- _EXERCISE MATERIALS_

──────

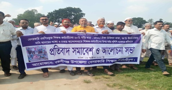 বকশীগঞ্জে বেসরকারি শিক্ষকদের তিন দফা দাবি আদায়ে বিক্ষোভ মিছিল
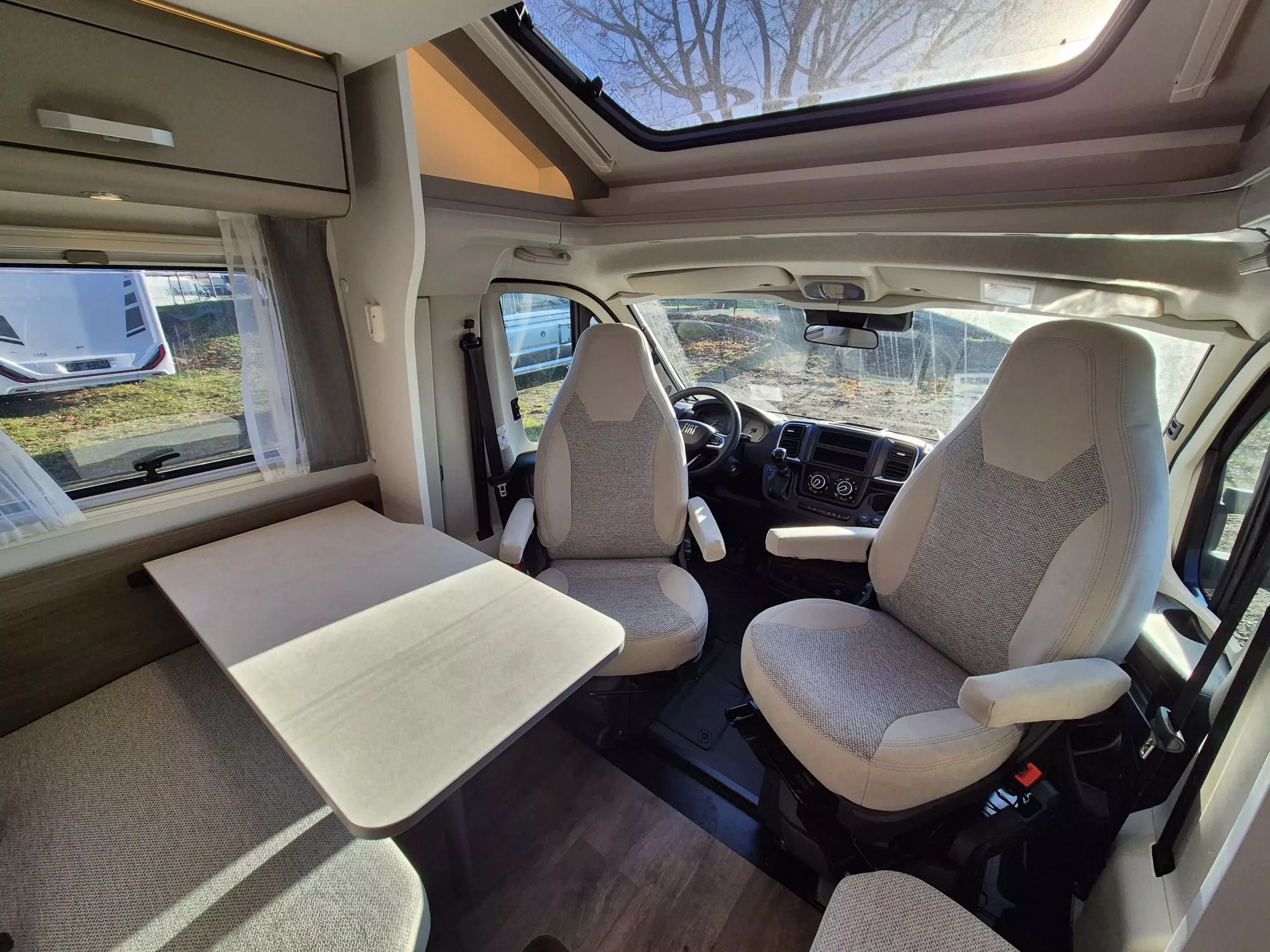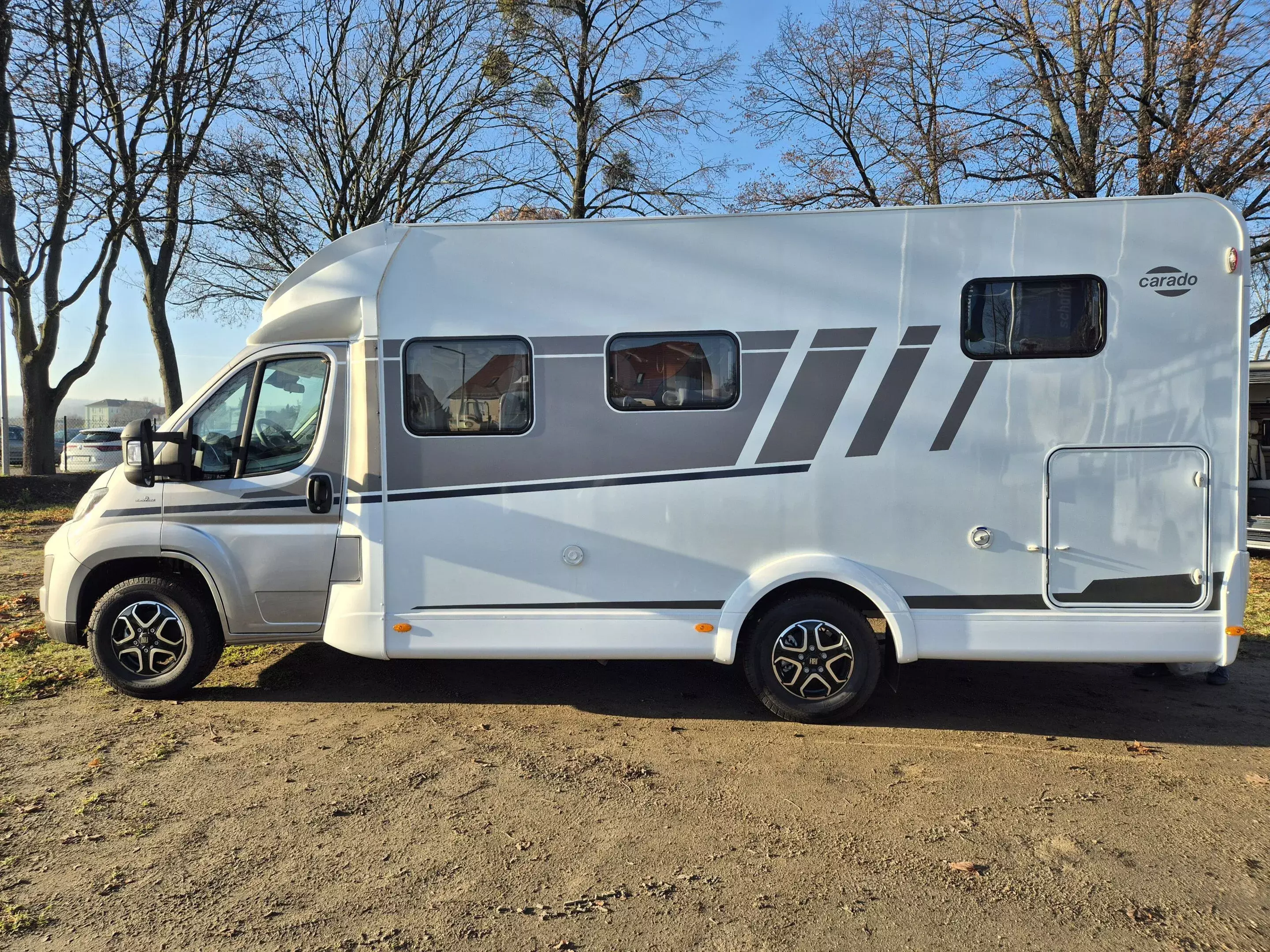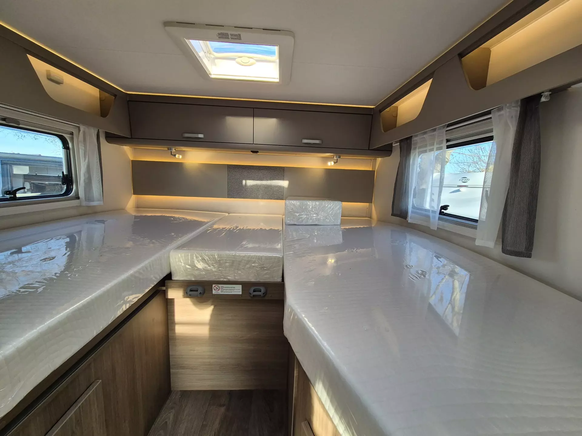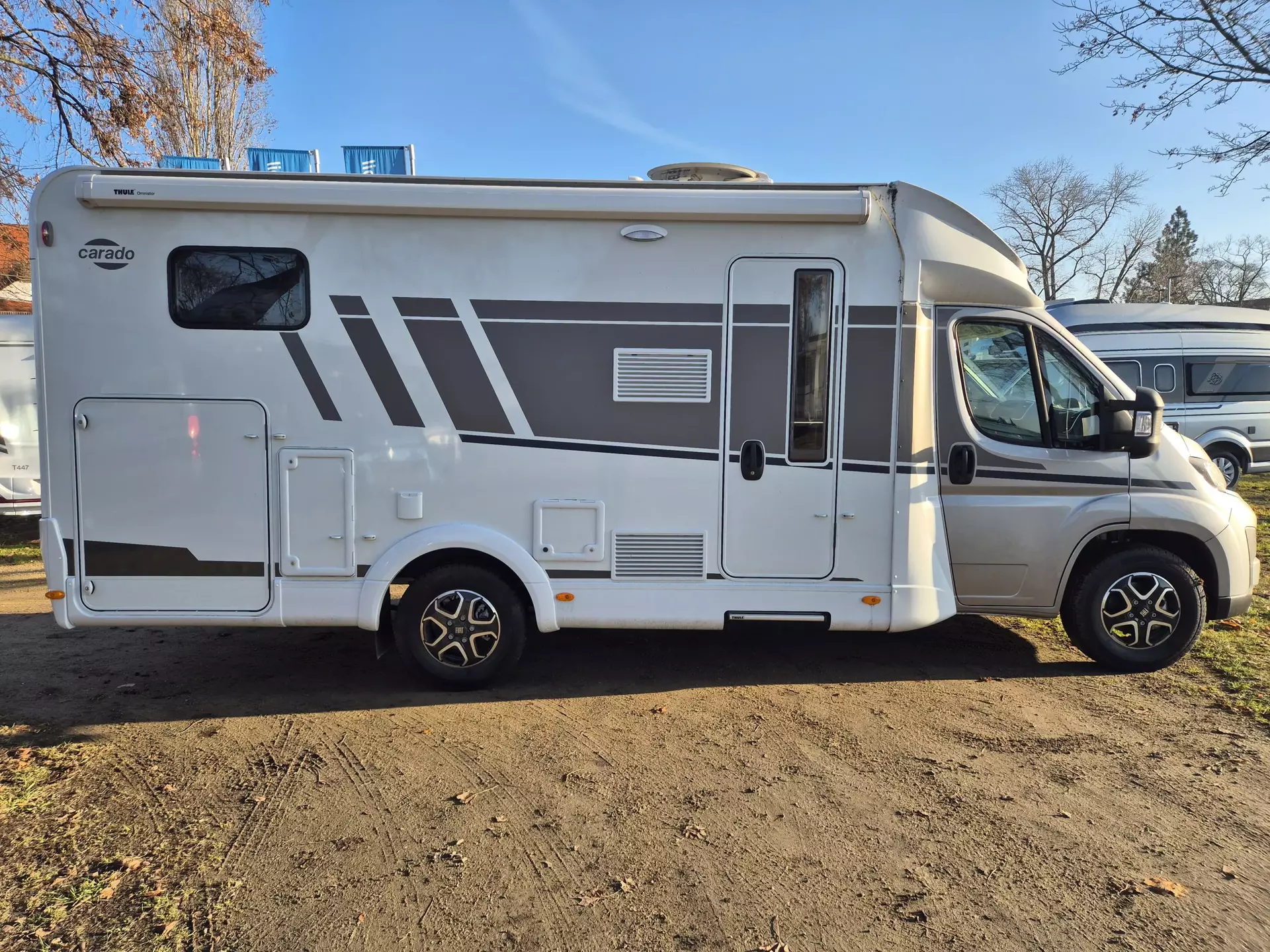 - Carado pro+ Paket (Faltverdunkelung Fahrerhaus, Fenster in Fronthaube, Großer Kühlschrank 156 l mit separatem Frosterfach 29 l, Abwassertank isoliert, Markise 4 m, Rahmenfenster, Design Applikation Heck, Zweite Außenstauraumklappe (Größe modellabhängig), Beklebung pro+)
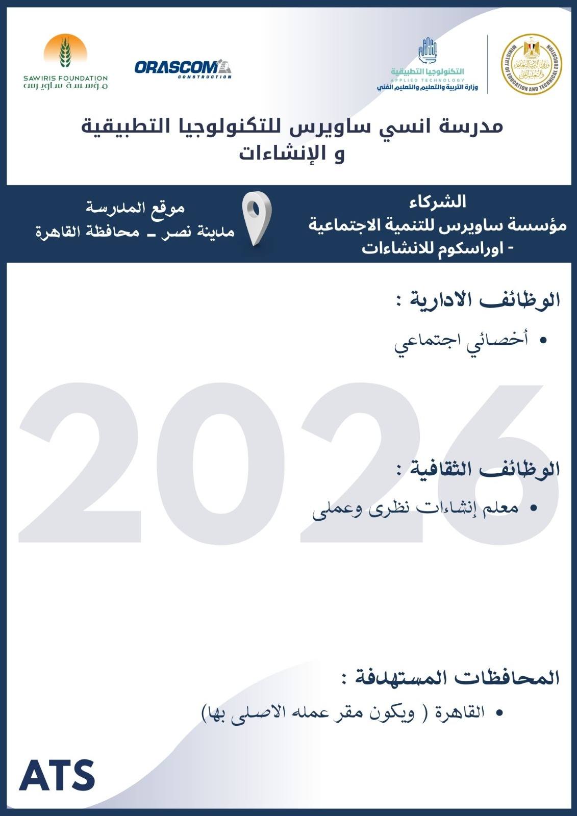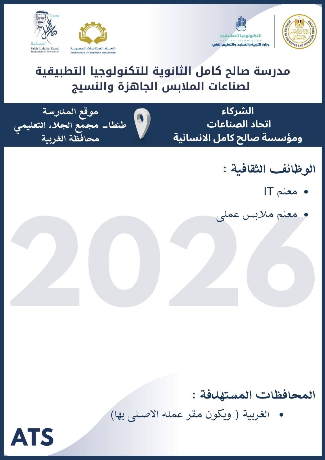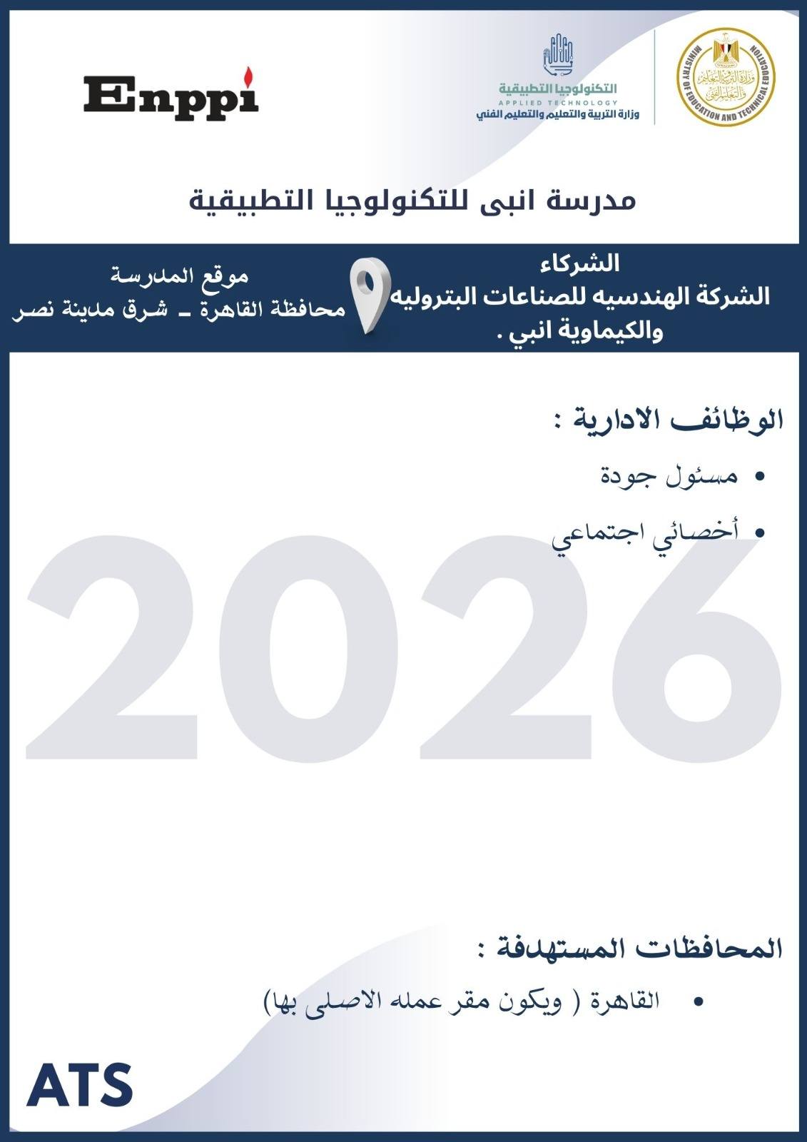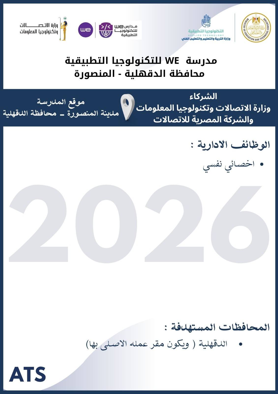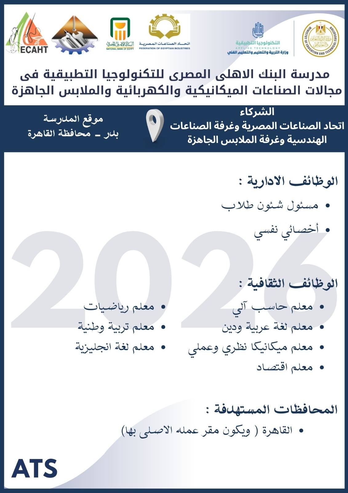 أعلنت وزارة التربية والتعليم والتعليم الفني ، أنه سيتم غلق باب التقديم في وظائف مدارس التكنولوجيا التطبيقية 2026 يوم الخميس 19 مارس 2026
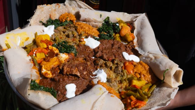 Tumtumo: salsa di lenticchie rosse / hamli: salsa di verdure cotta / shirro: purè di ceci in salsa / alitcha: fagiolini, peperoni, patate e carote
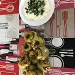 Вот наши 2 долмы - шпинатная и перцы.
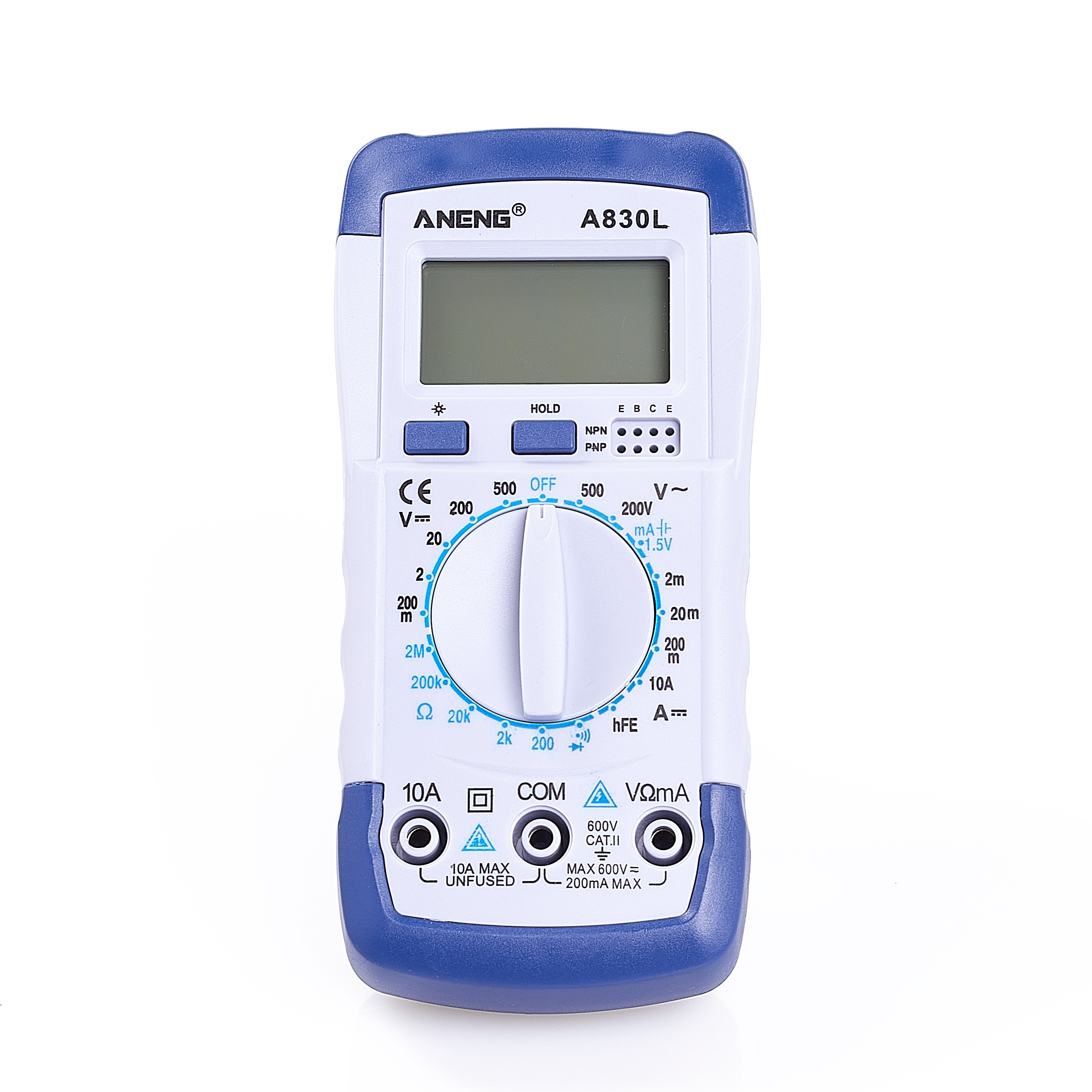 Multimetr Aneng A830L został wyposażony w tester diod, test ciągłości obwodu, funkcję hold oraz podświetlenie LCD.
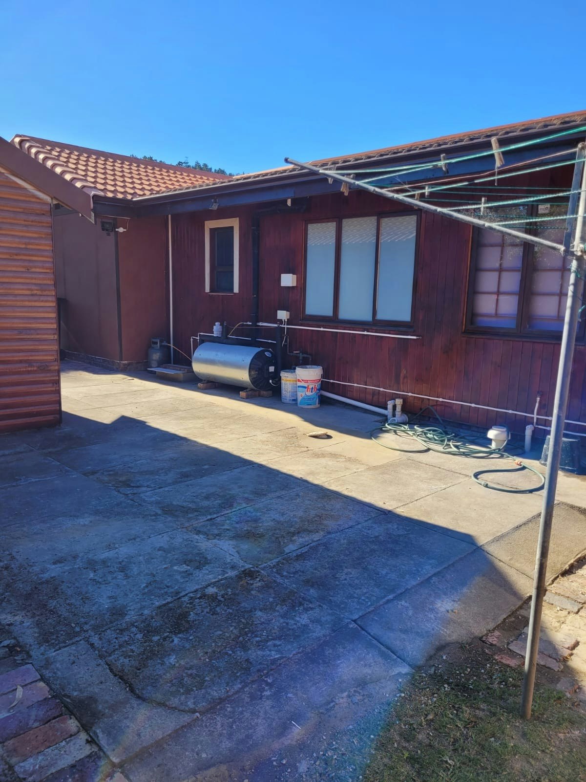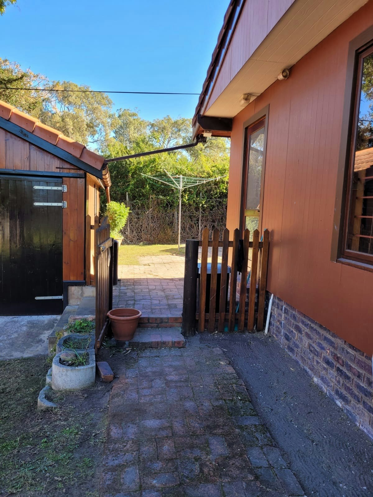 There is an area at the back of the property that is enclosed with wooden fencing for pets.

──────

- _YOUR TASK_
Could you output every record above exactly as written, leaving out the pictures?

- _RESPONSE AREA_
 বকশীগঞ্জে বেসরকারি শিক্ষকদের তিন দফা দাবি আদায়ে বিক্ষোভ মিছিল
 - Carado pro+ Paket (Faltverdunkelung Fahrerhaus, Fenster in Fronthaube, Großer Kühlschrank 156 l mit separatem Frosterfach 29 l, Abwassertank isoliert, Markise 4 m, Rahmenfenster, Design Applikation Heck, Zweite Außenstauraumklappe (Größe modellabhängig), Beklebung pro+)
 أعلنت وزارة التربية والتعليم والتعليم الفني ، أنه سيتم غلق باب التقديم في وظائف مدارس التكنولوجيا التطبيقية 2026 يوم الخميس 19 مارس 2026
 Tumtumo: salsa di lenticchie rosse / hamli: salsa di verdure cotta / shirro: purè di ceci in salsa / alitcha: fagiolini, peperoni, patate e carote
 Вот наши 2 долмы - шпинатная и перцы.
 Multimetr Aneng A830L został wyposażony w tester diod, test ciągłości obwodu, funkcję hold oraz podświetlenie LCD.
 There is an area at the back of the property that is enclosed with wooden fencing for pets.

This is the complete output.